# hive mortality



## Beeman46 (Apr 4, 2013)

I am a long-time hobby beekeeper(37 years). I live in a rural, mountainous area. We have no pesticides used here. Most of my fellow local beekeepers lost all of their hives this winter though I lost only 6 out of 14. I'd like to hear thoughts about other causes in similar areas.


----------



## offGridNorthern (Jan 1, 2006)

I think I have lost both my hives this year and in speaking to fellow beekeepers in my area (Northern Ontario), it seems that most people are experiencing a high level of loss. It was a strange winter this year ... winter didn't really come until March and we had fluctuating temperatures from November on.


----------



## locpic (Jan 13, 2013)

I only have three hives here in southern Missouri, thankfully they all came into the spring season very strong.


----------



## Beeman46 (Apr 4, 2013)

I spent alot of years ignoring mites until a couple of years ago when I lost 6 out of 6. The following year I started out with new nucs and, after not seeing the honey coming in from what I thought were strong hives, used the new powdered sugar mite test. I was shocked at how many mites I had.
I treated with Miteaway that fall and the hives responded immediately. The next year, after testing positive for mites in the spring I treated again with Miteaway. I had all new queens and immediately lost half of them. I checked with a nearby commercial beekeeper who said it was not unusual to to lose queens to mitaway. I checked again in August and the mites were back, so I treated again. Even though I had good bee population, no honey.

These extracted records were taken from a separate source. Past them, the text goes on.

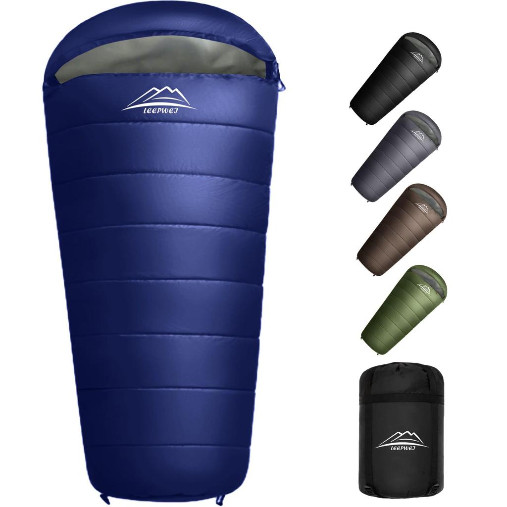 Спальный мешок, мумия, LEEPWEI, для кемпинга, на открытом воздухе, легкий, теплый, холодостойкий, водонепроницаемый, в стиле конверта, компактный, для альпинизма, сна в машине, для предотвращения стихийных бедствий, полностью стираемый, все сезоны, сумка для хранения в комплекте, темно-синий, 1 кг
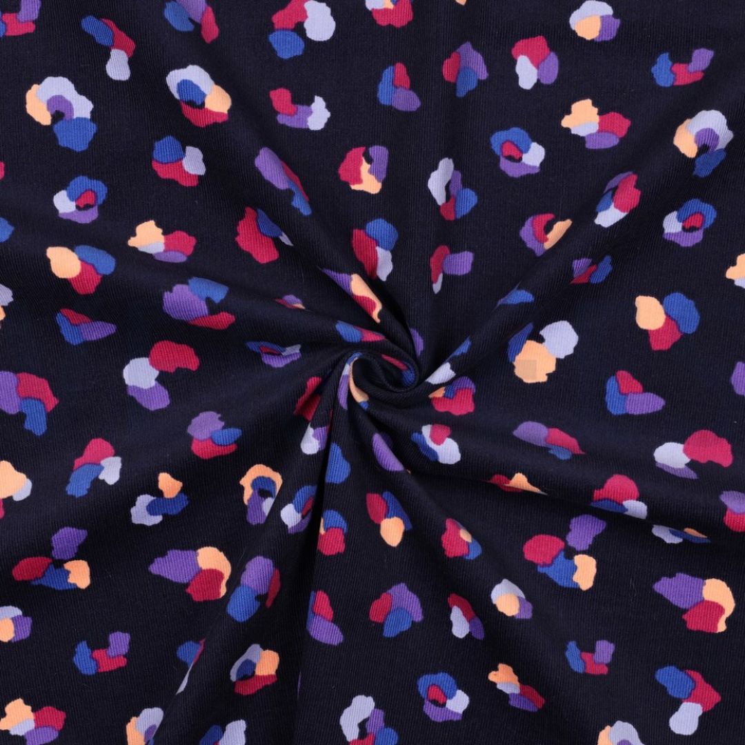 Soft and light, fine needlecord corduroy fabric featuring a fun animal skin print in shades of purple, fuchsia and blue on navy base. Ideal for making pinafores, overalls, jackets, overshirts, skirts, and accessories. The possibilities are endless, the choice is yours!
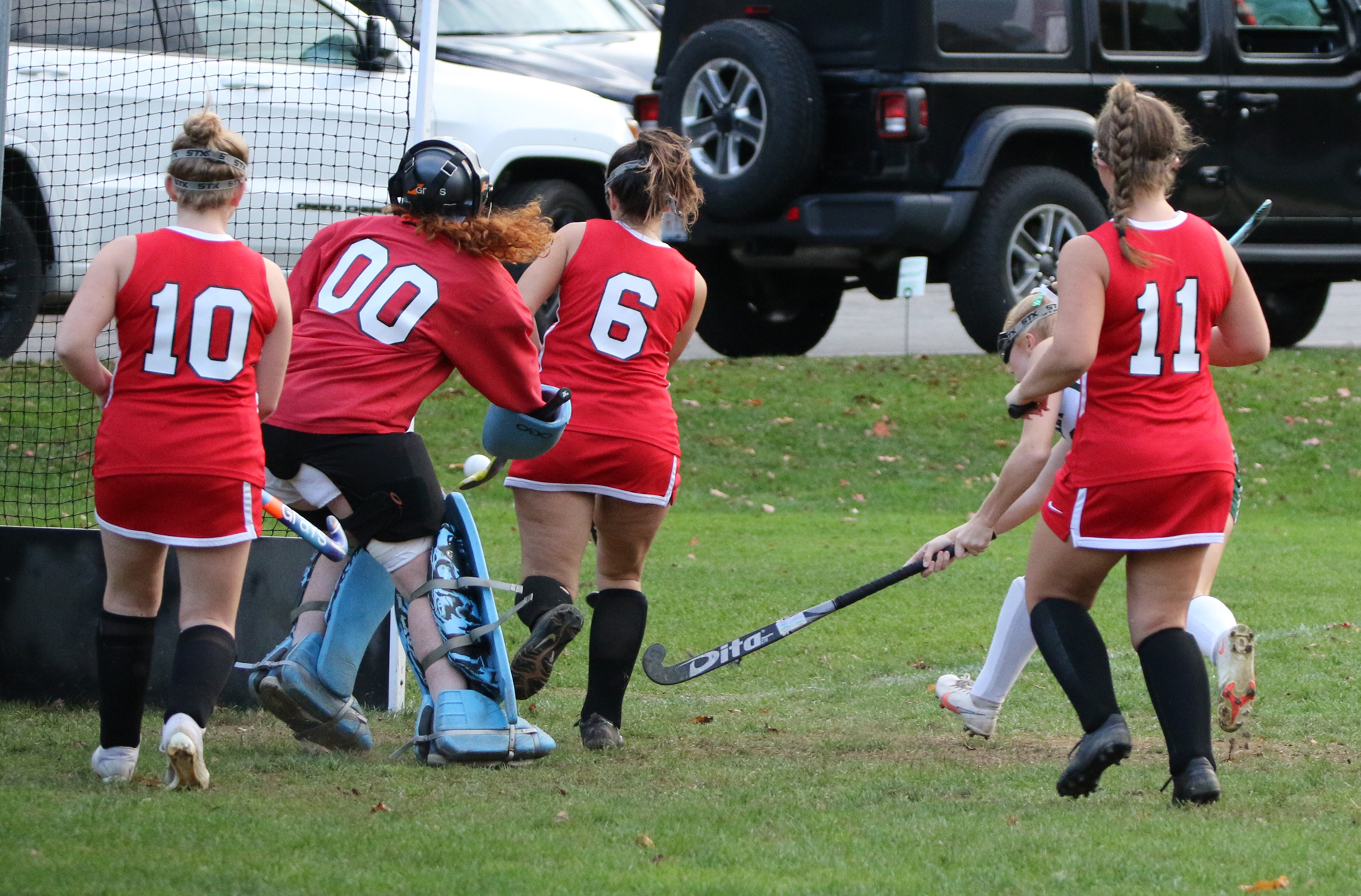 When Haley got close to the endline, she sent a pass across the front of the net between the goalie and a defender.
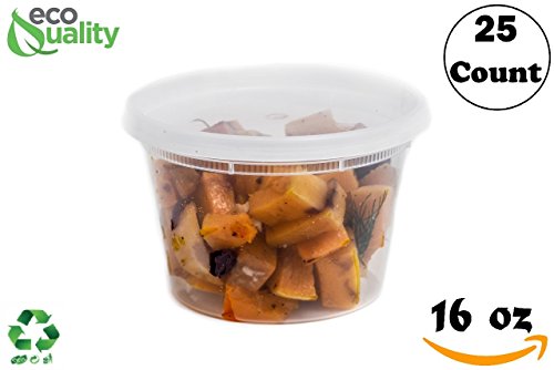 EcoQuality 16 ounce Disposable Leak Proof Deli / Soup Containers 25 Pack . The containers are made from translucent polyethylene plastic ensuring strength, sturdiness, and flexibility. No problems to freeze! Our plastic containers are freezer friendly; simply store leftovers without caution, cracking, or freezer burn! Breakfast, Lunch, Dinner On The Go! Environmental Friendly &...
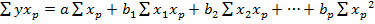 Y - матриц-столбец (n× 1) исходных значений зависимой переменной y; X - матрица (p+1× n) исходных значений независимых переменных xi, в которой первый столбец из единиц можно рассматривать как значения «фиктивной» переменной, соответствующей коэффициенту а. В этих обозначениях система (7) примет вид
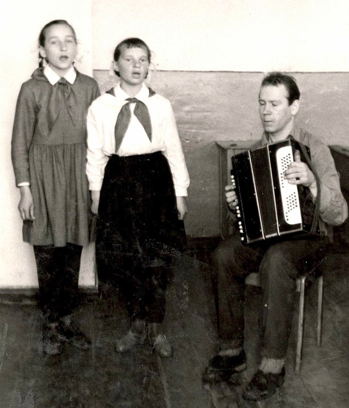 На фото с баяном – Николай Рылов, в прежние советские десятилетия преподававший музыку в школе села Ильинского, что на Слободской земле.
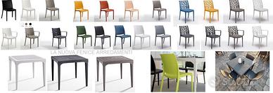Set contract componibile con tavolo 80x80 in polipropilene + 4 sedie o poltrone a scelta.
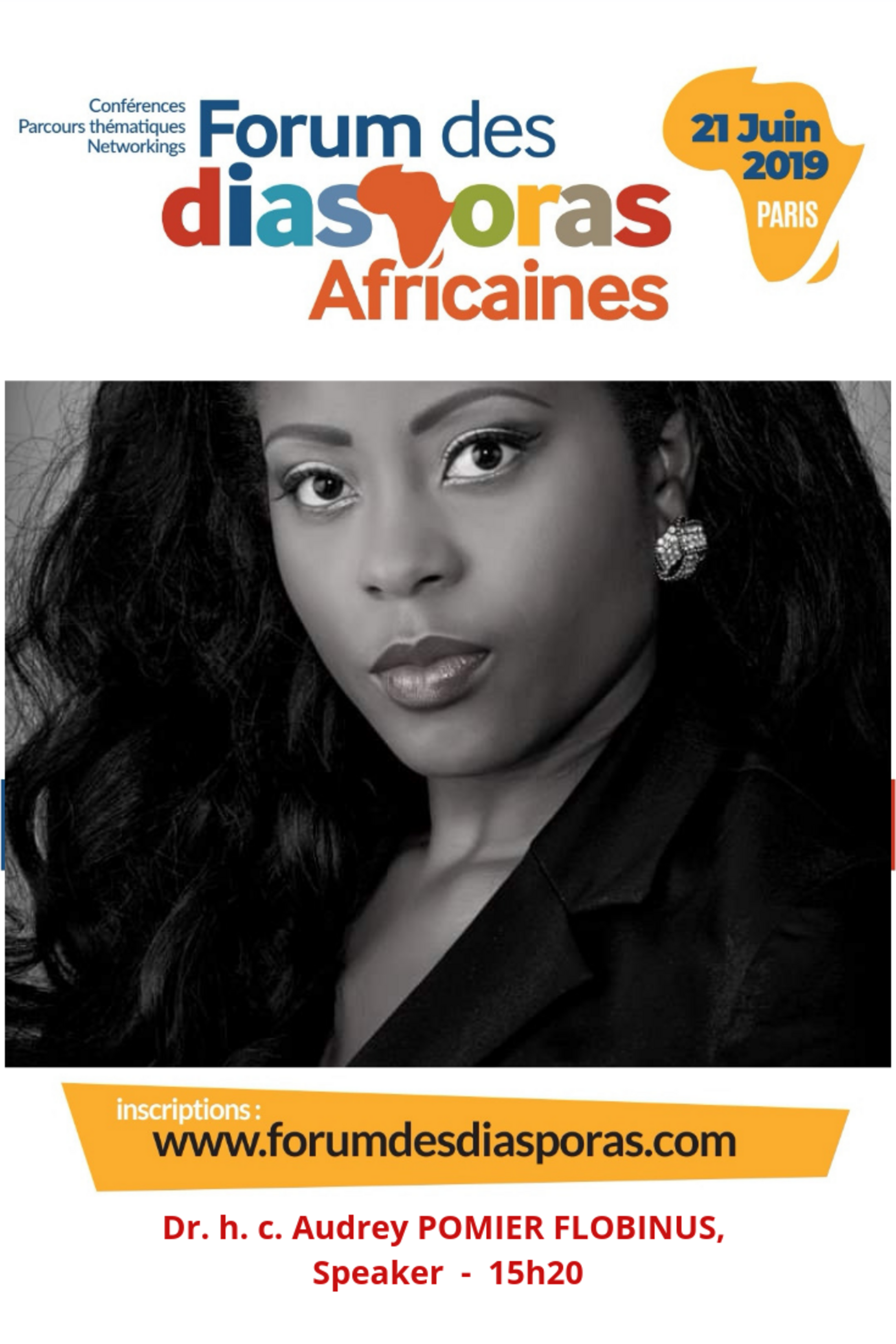 Lors de la deuxième édition du Forum des Diasporas Africaines, qui se tiendra dans le cadre du Beffroi de Montrouge (Centre culturel et de congrès aux portes de Paris) le Dr.h.c Audrey POMIER FLOBINUS, défendra la position de Humanity For The World (HFTW), un lobby humanitaire international français au service d'un développement économique et social durable pour l'Afrique.
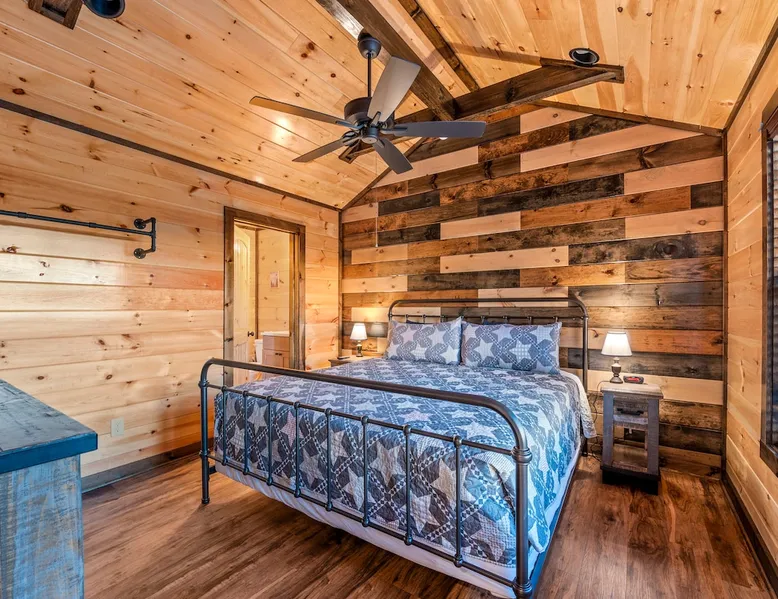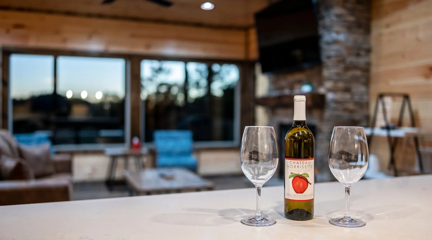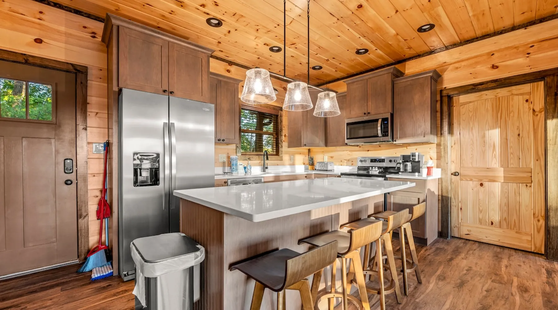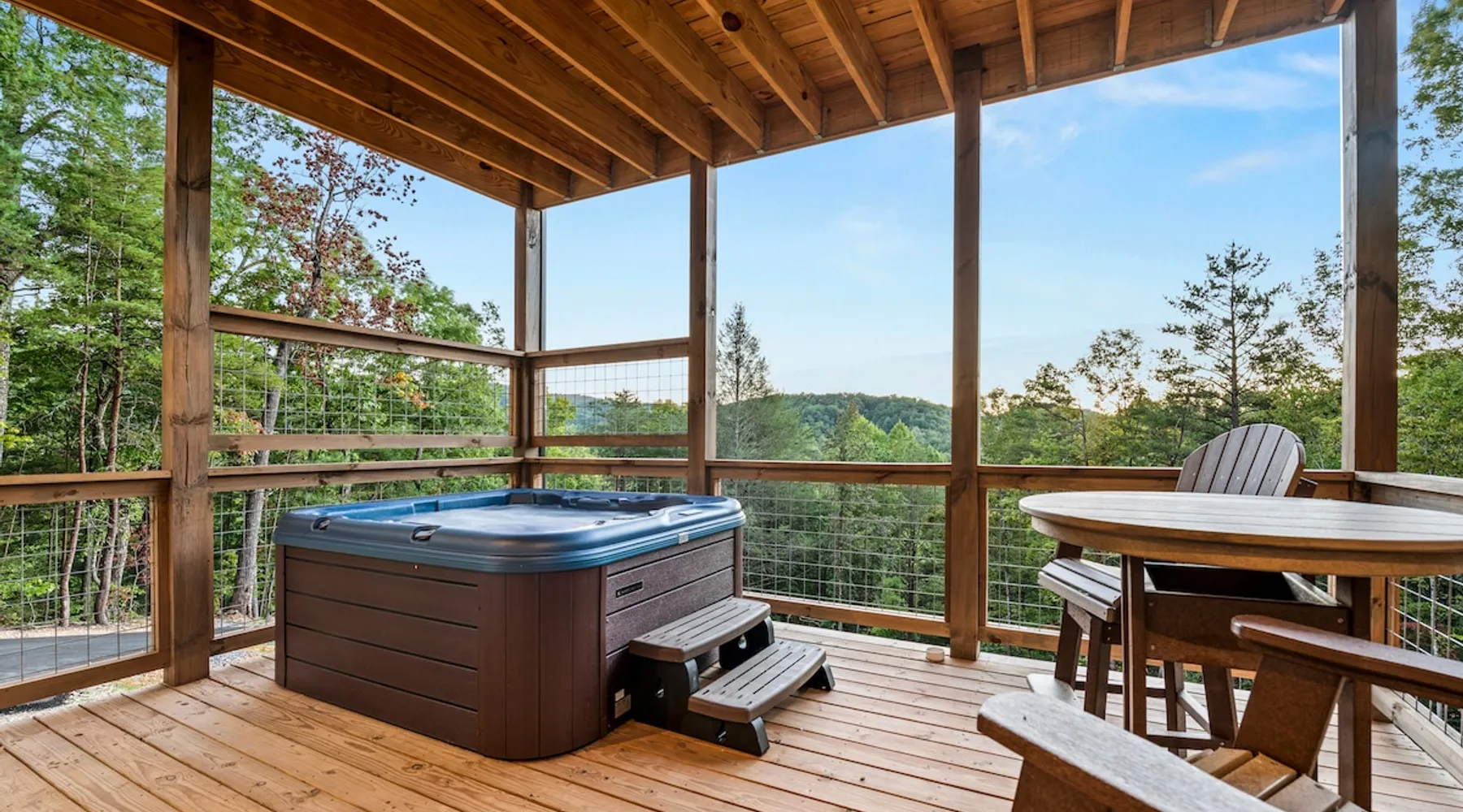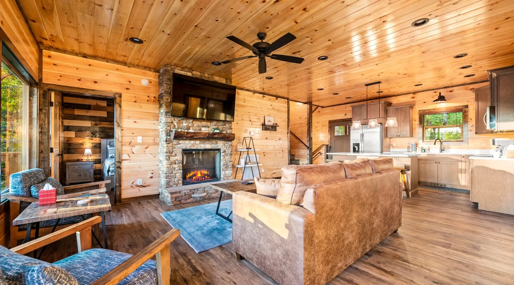 This spacious, five-bedroom pool cabin is your perfect Smoky Mountain vacation! Featuring 4 king bedrooms plus a bunk room, an amazing loft, a theatre room to watch the big game, views for miles on our three decks, and an indoor heated pool with a view of the Smokies. Minutes to Pigeon Forge and Dollywood, this cabin boosts Wi-Fi, Satellite TV, a game room, outdoor hot tub, and an outdoor fireplace to enjoy those beautiful TN sunsets. Easy access roads means anyone can reach this cabin! The space Features • 5 Bed/5.5 Bathroom Cabin - Sleeps 16 • Indoor Heated Pool • Foosball/2x Arcades/Game Room • Outdoor Hot Tub - Seats 4 • Satellite TV and High Speed Cellular Wi-Fi • Parking for up to 5 vehicles • 10 Minutes from Pigeon Forge/15 from Dollywood This spacious, five-bedroom pool cabin is your perfect Smoky Mountain vacation! Featuring 4 king bedrooms plus a bunk room, an amazing loft, a theatre room to watch the big game, views for miles on our three decks, and an indoor heated pool with a view of the Smokies. Minutes to Pigeon Forge and Dollywood, this cabin boosts Wi-Fi, Satellite TV, arcade cabinet, hot tub, and an outdoor fireplace to enjoy those beautiful TN sunsets. Easy access roads means anyone can reach this cabin! Host your next vacation or holiday gathering at Overlook Swim Lodge, a gorgeous three-story Tennessee cabin, complete with an indoor heated pool, game room, theatre, and a private outdoor hot tub. Take a short drive over to Pigeon Forge, the home of Dollywood and so many other fun-filled attractions, shops, and excellent restaurants! Overlook Swim Lodge is a custom designed cabin that is positively aglow with rich, knotty pine walls, 3 different level decks, and two beautiful fireplaces with all the desirable modern conveniences of home. Overlook Swim Lodge has amble parking to fit 5 vehicles. The open living area has a plush leather sofa (with pull-out queen), twin matching chairs, and a stone-face electric fireplace. The open concept kitchen has cabinets and drawers stocked with essential cookware and dinnerware, and a full array of appliances including a dishwasher and Keurig. Augment those home-cooked meals with the gas grill located outside on the well-appointed deck. Close by, there's a dining table with seating for twelve and a breakfast bar with seating for four. The main floor also includes two bedrooms which both offer a cozy king-size bed and a large en suite bathroom. Upstairs there are three additional bedrooms, two kings and a bunk room all with their own en suite bathrooms. The bunk room is great for children or young adults with four twin mattress and its own attached bathroom with double vanities and shower. With five bedrooms, a furnished loft with a pull-out sofa (queen), and an additional sleeper sofa on the main level, this home sleeps up to 16 guests very comfortably. While upstairs you can enjoy the full use of our game room featuring a large TV and sitting area, foosball, 2x 2-player premium arcade system with over 18,000 titles, and rustic pub table. Step outside onto the deck for gorgeous views of the smokies while sitting next to an electric outdoor fireplace. Custom built for our cabin you can enjoy that glass of wine/whiskey while the fireplace keeps you warm on those cool fall and spring nights. Thanks to the complimentary cellular Wi-Fi, you can easily stream your favorite shows and share photos and videos of your vacation with friends and family back home. Check on the local news and weather or keep up with all your favorite shows on multiple TVs with satellite service. Heading downstairs you will find the huge theatre room with seating for eight. Featuring satellite TV, Blue Ray/DVD player and an 85-inch HD TV, this room is perfect for the latest blockbuster or watching the game with family and friends. Just off the theatre you will find our indoor heated pool. Relax and have a good time while you view those smoky mountains right from the pool! As you head towards the deck you will see our full washer/dryer that is available for your use as well as a half bathroom. Outside on the deck you will find a five-seater hot tub just waiting for you to relax with those jets after a long day of adventure. No visit to the area would be complete without a trip to nearby Dollywood or Pigeon Forge. The cabin is just 10 minutes from Pigeon Forge and 20 minutes from Gatlinburg. Conveniently close to a main road with no windy or steep mountains to climb. No matter the season, make your reservation today and get ready to make a splash and enjoy the beauty of the Great Smoky Mountain National Park at this brand-new pool cabin! Guest access You will have the entire cabin to yourself! Other things to note Indoor Heated Pool: Our pool is kept at a moderate 82 degrees year round. We have a separate locked door between the pool room and the cabin to make sure those without access are not in the pool room unsupervised. Weather Related: The weather in Tennessee can be unpredictable. We appreciate if all guest be aware of any weather impacts to their stay. We are not responsible for maintaining the conditions of roads, decks, and driveways in the event of snow, ice, rain, etc.
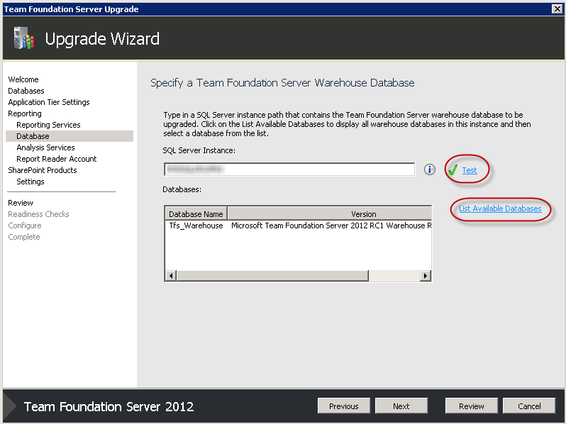 Enter the correct SQL Server instance (if it's not already correct), then test the connection by clicking on Test, then click List All Available Databases. The wizard will find the Tfs_Warehouse database automatically. If everything is correct, click Next.
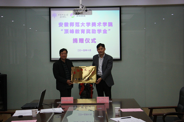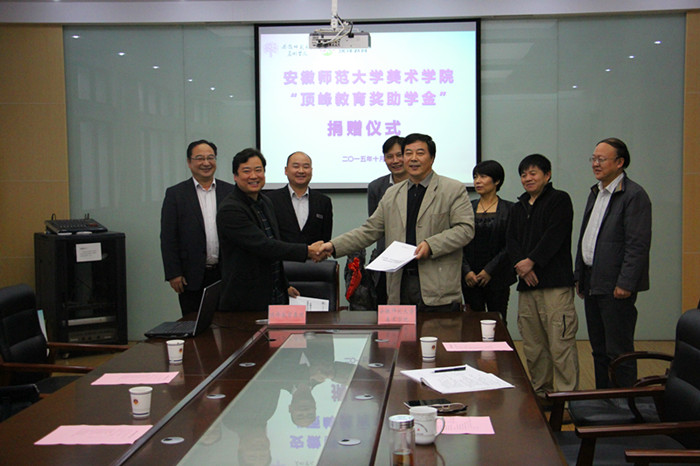 顶峰教育奖助学金是美术学院首个企业资助的本科生奖助学金,捐赠单位安徽顶峰教育集团是专门从事教育及文化创意产业方向的投资型企业。根据奖助学金协议约定,安徽顶峰教育集团共出资10万元,分3年对美术学院的优秀本科生进行奖励,对自强不息的贫困本科生予以资助。
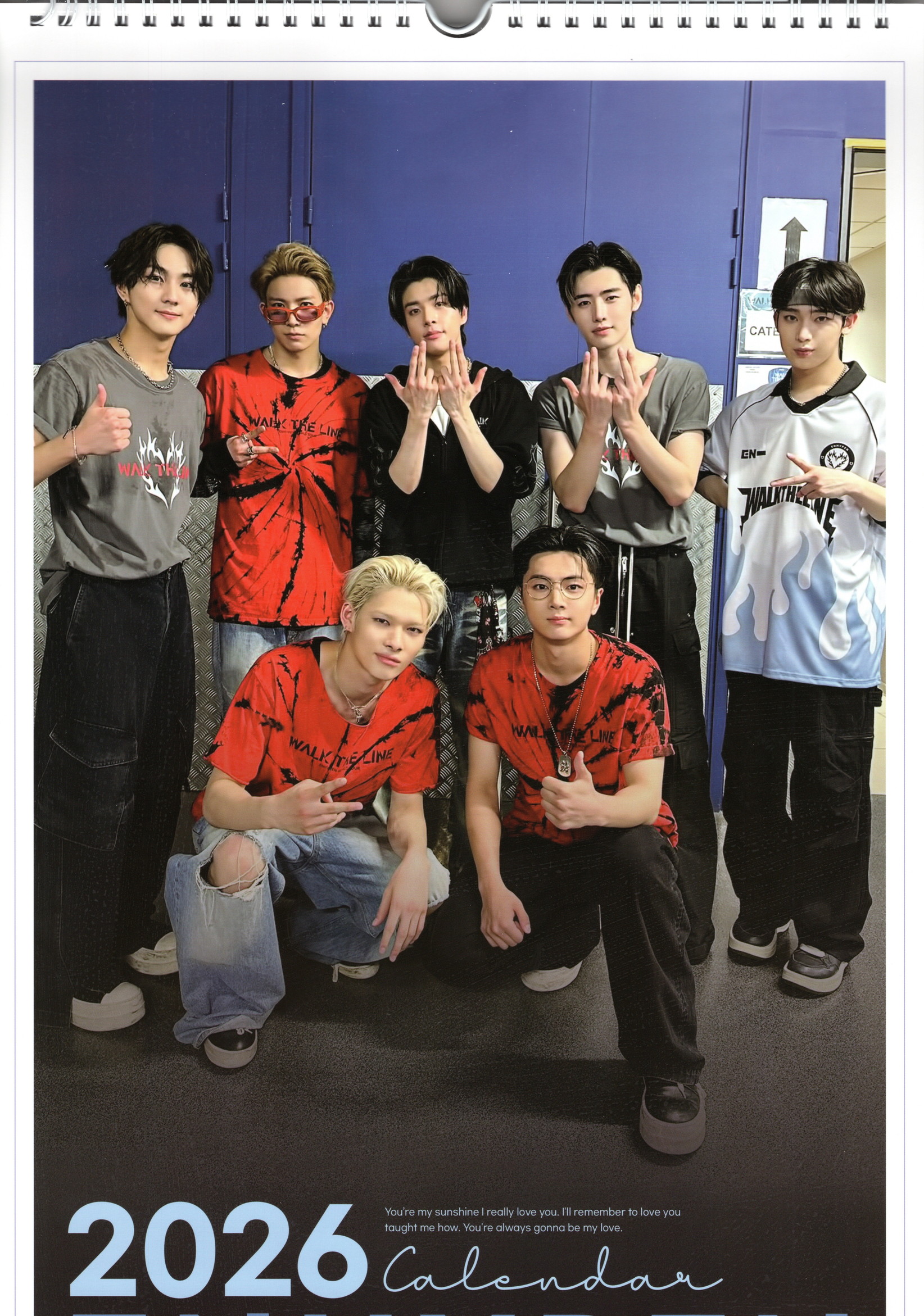 ENHYPEN エンハイフン グッズ 大判 壁掛け カレンダー 2026年 (令和8年) + ステッカーセット

I checked again in September and the mites were back. I thought, "what the heck." The label says on treatment a year. By late Sept. the populations were shrinking so I treated with strips and hoped for the best. This spring I checked, after having lost 5 of 14. Not one single mite in any hive and the surviving hives were very strong!


----------



## FarmChix (Mar 3, 2013)

I have heard that the mites have gotten really bad in the last two years....wow!


----------



## alleyyooper (Apr 22, 2005)

Even when a 3 pound package of bees cost 50.00 I could not under stand why people refused to treat for mites even if it was useing drone comb and swaping it out every 20 days. Or dusting with powdered sugar every so many months and useing screen bottom boards. 
I feel not treating for mite you might just as wel take the money you spent for a package and burn it.
I read some place several years ago under ideal conditions a untreated hive *may* make it 4 years.

Vorroa Mites are a fact of life in the USA & Canada. ya have to treat some how.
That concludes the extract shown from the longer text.